In de indrukwekkende documentaire Promises (2002) krijgt het joods-Palestijnse conflict een menselijk gezicht: zeven kinderen vertellen, elk vanuit hun eigen achtergrond, hoe het is om op te groeien in Jeruzalem.
Uitzending: woensdag 22 september 2004, 23.00 – 00.30 uur, BRT2/Canvas
Dit keer geen politieke analyses of beelden van gevechten en
slachtoffers, maar louter kinderen. Voor ‘Kinderen van de rekening’
(Promises) volgden drie filmmakers, de Amerikaans-Israëlische B.Z.
Goldberg, Justine Shapiro en Carlos Bolado, in 1997, 1998 en 2000 (en
periode van relatieve rust) zeven kinderen* van toen 9-12 jaar jong.

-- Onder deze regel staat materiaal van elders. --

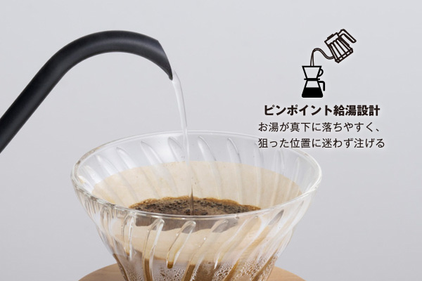 緻密に設計された独自のノズル形状により、狙った場所に正確にお湯を注ぐことができるコーヒードリップに適したバリスタ仕様です。湯切れがよく、先端をわずかに下げた注ぎ口形状によってお湯は真下へ落ち、注ぎ始めの位置決めも迷いません。細く安定したお湯の流れを思い通りにコントロールでき、繊細な風味を引き出せます。 -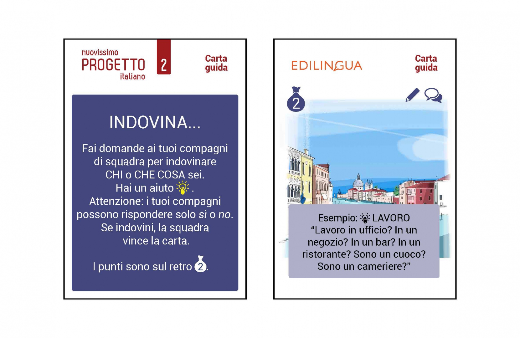 - INDOVINA - Игрок должен угадать, кто или что он (например, профессия, место, объект), задавая другим игрокам вопросы только с ответами да или нет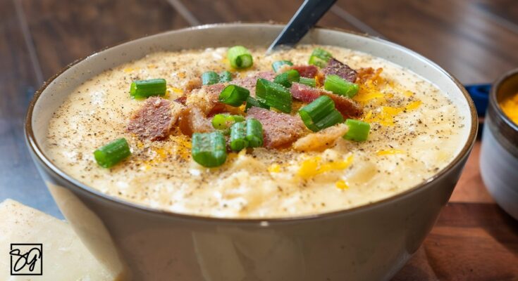 Add chopped bacon, shredded cheddar, green onions, and sour cream. It’s like eating a loaded baked potato with a spoon.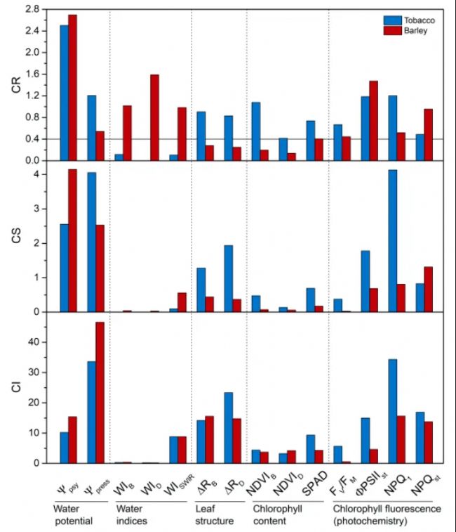 圖2 在相對含水量區(qū)間100%~50%內(nèi),煙草和大麥干燥葉片樣品測定參數(shù)的可靠性系數(shù)(CR)、靈敏度系數(shù)(CS)和不準確系數(shù)(CI)。根據(jù)參數(shù)所反映的葉片特征類型,將這些參數(shù)分為5組。CR圖中的一條水平線表示可靠性閾值(CR = 0.4)
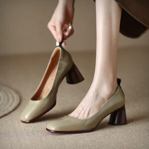 Product information: Pattern: solid color Lining material: pigskin Color: khaki, Blue Heel height: mid heel (3-5CM) Size: 34, 35, 36, 37, 38, 39 Sole craft: viscose shoes Applicable scenarios: Leisure Toe holder shape: round head Shoe Upper material: genuine leather Heel height: 5.5cm Size: Packing list: Shoes*1Pair Product Image: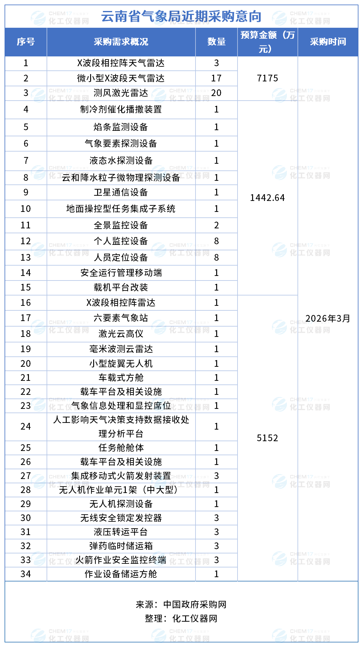 近期,云南省氣象局發布多項儀器采購意向,采購預算金額13769.64萬元,涉及儀器設備包括X波段相控陣天氣雷達、微小型X波段天氣雷達、測風激光雷達、制冷劑催化播撒裝置、焰條監測設備、氣象要素探測設備等。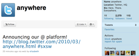 Update: In a new post, Twitter’s official blog provides an overview of @Anywhere, which mentions that one distinguishing feature of the platform will be that third parties can implement it via “a few lines of Javascript” rather than by resorting to Twitter’s open APIs.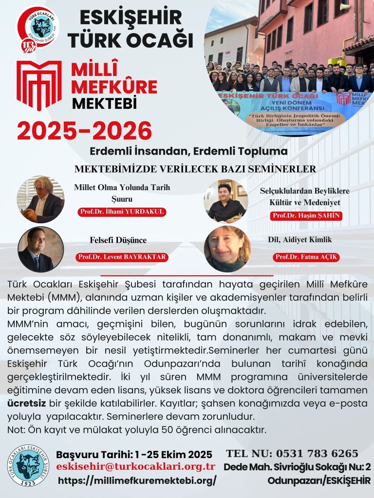 Türk Ocakları Eskişehir Şubesi bünyesinde Millî Mefkûre Mektebi adıyla oluşturulan Türk Ocağı Akademisi’nin resmî web sayfasıdır.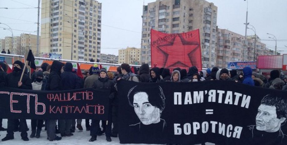 В Киеве около 70 антифашистов провели митинг в память российского правозащитника и адвоката Станислава Маркелова и российской журналистки Анастасии Бабуровой.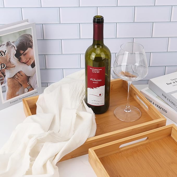- 【Set of 3 Bamboo Trays】This package includes four large bamboo serving trays, adding a touch of natural elegance to your dining and entertaining needs. They are ideal for daily use or special occasions, and can also be a thoughtful housewarming gift.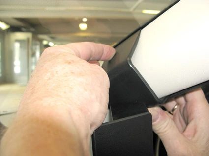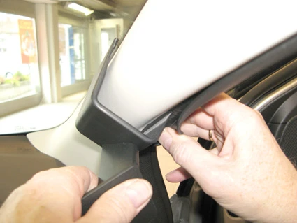 Use the enclosed alcohol pad to clean the area where the ProClip is to be installed. Peel off the adhesive tape covers on the ProClip. Pull out the rubber sealent on the A-post slightly. Press the angled edge on the lower part of the ProClip into the gap and hook it around the A-post.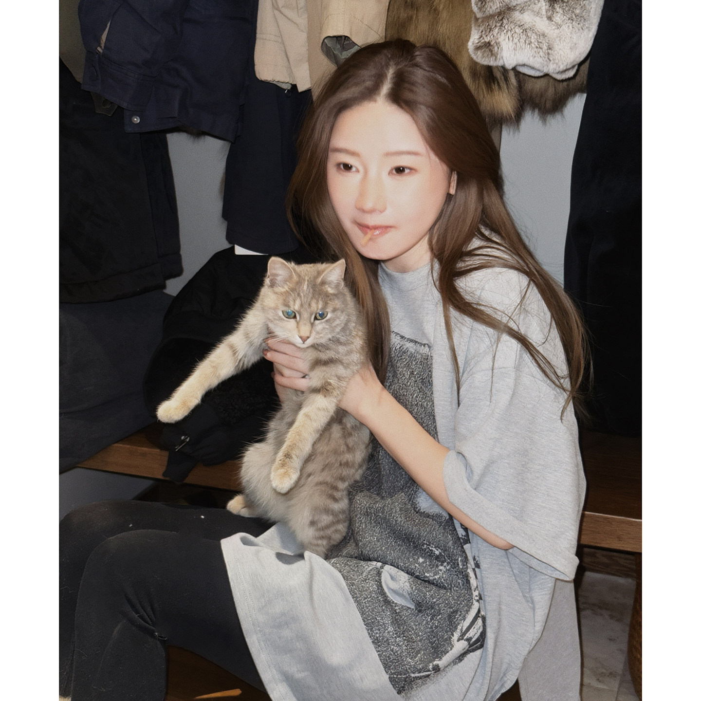 CHU楚妞[默像]棉精仿长版人像印花短袖T恤2025秋季新款女百搭上衣

Ze
hebben joodse of Palestijnse ouders, gematigde, dan wel extremistische.
Hoe groot de kloof is tussen de kinderen, blijkt als een van de
regisseurs twee joodse broertjes overhaalt een dag met Arabische
kinderen door te brengen. Ook al wonen de kinderen slechts twintig
minuten van elkaar vandaan, ze weten bijna niets van elkaar.
Aangrijpend om te zien is hoe verstrikt sommige kinderen al zijn in
haatgevoelens. Naarmate ze ouder worden, wordt de kloof alleen maar
groter.
De drie filmers slagen erin over te brengen dat verreweg de meeste
mensen aan beide zijden van het conflict wel degelijk bereid zijn in
vrede met elkaar om te gaan en daaraan willen werken. Tegelijkertijd
erkennen ze de gigantische problemen: de kinderen kennen allemaal wel
iemand die in het conflict om het leven is gekomen. Doordat de filmers
onderkennen dat er een oorzaak aan te geven is waarom de kinderen
elkaar haten en praktische oplossingen daarvoor proberen te vinden
blijft de documentaire niet steken in brave, linksige goede bedoelingen.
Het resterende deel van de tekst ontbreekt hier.